>On Thu, Jun 05, 2025 at 02:44:15PM -0700, Andrew Morton wrote:
>> On Thu, 5 Jun 2025 14:52:52 +0800 wangzijie <wangzijie1@xxxxxxxxx> wrote:
>>
>> > Clearing FMODE_LSEEK flag should not rely on whether proc_open ops exists,
>>
>> Why is this?
>>
>> > fix it.
>>
>> What are the consequences of the fix? Is there presently some kernel
>> misbehavior?
>
>At a guess, that would be an oops due to this:
> if (pde_is_permanent(pde)) {
> return pde->proc_ops->proc_lseek(file, offset, whence);
> } else if (use_pde(pde)) {
> rv = pde->proc_ops->proc_lseek(file, offset, whence);
> unuse_pde(pde);
> }
>in proc_reg_llseek(). No FMODE_LSEEK == "no seeks for that file, just
>return -ESPIPE". It is set by do_dentry_open() if you have NULL
>->llseek() in ->f_op; the reason why procfs needs to adjust that is
>the it has uniform ->llseek, calling the underlying method for that
>proc_dir_entry. So if it's NULL, we need ->open() (also uniform,
>proc_reg_open() for all of those) to clear FMODE_LSEEK from ->f_mode.
>
>The thing I don't understand is where the hell had proc_reg_open()

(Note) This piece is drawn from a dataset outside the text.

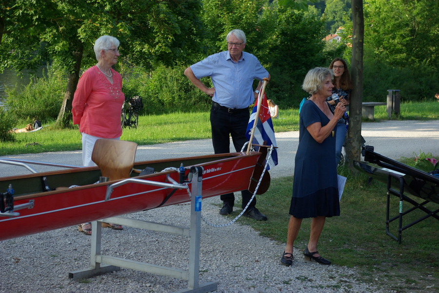 Da inzwischen wider Erwarten doch dunkle Wolken aufgezogen waren, mußte der nächste Programmpunkt: die Verleihung der Fahrtenabzeichen und die Verabschiedung von Louisa Mössinger, die im Rahmen ihres FSJ im Klub tätig war, vorgezogen werden. Herausragend unter den 37 Erwerber*innen des Fahrtenabzeichens sind Helga Naber (45 x) und Ute Duchardt (30 x). Hans Thumann (35 x) erhielt zudem den begehrten Äquatorpreis für eine Gesamt-Ruderleistung von 40.077 km.

>changed in that way - commit refered in the patch doesn't exist in
>mainline, doesn't seem to be in -next or -stable either.
My bad for making this misbehavior, thank you for helping explain it.
commit 654b33ada4ab("proc: fix UAF in proc_get_inode()") is in -stable,
I refered v1 just for showing race in rmmod scenario, it's my bad.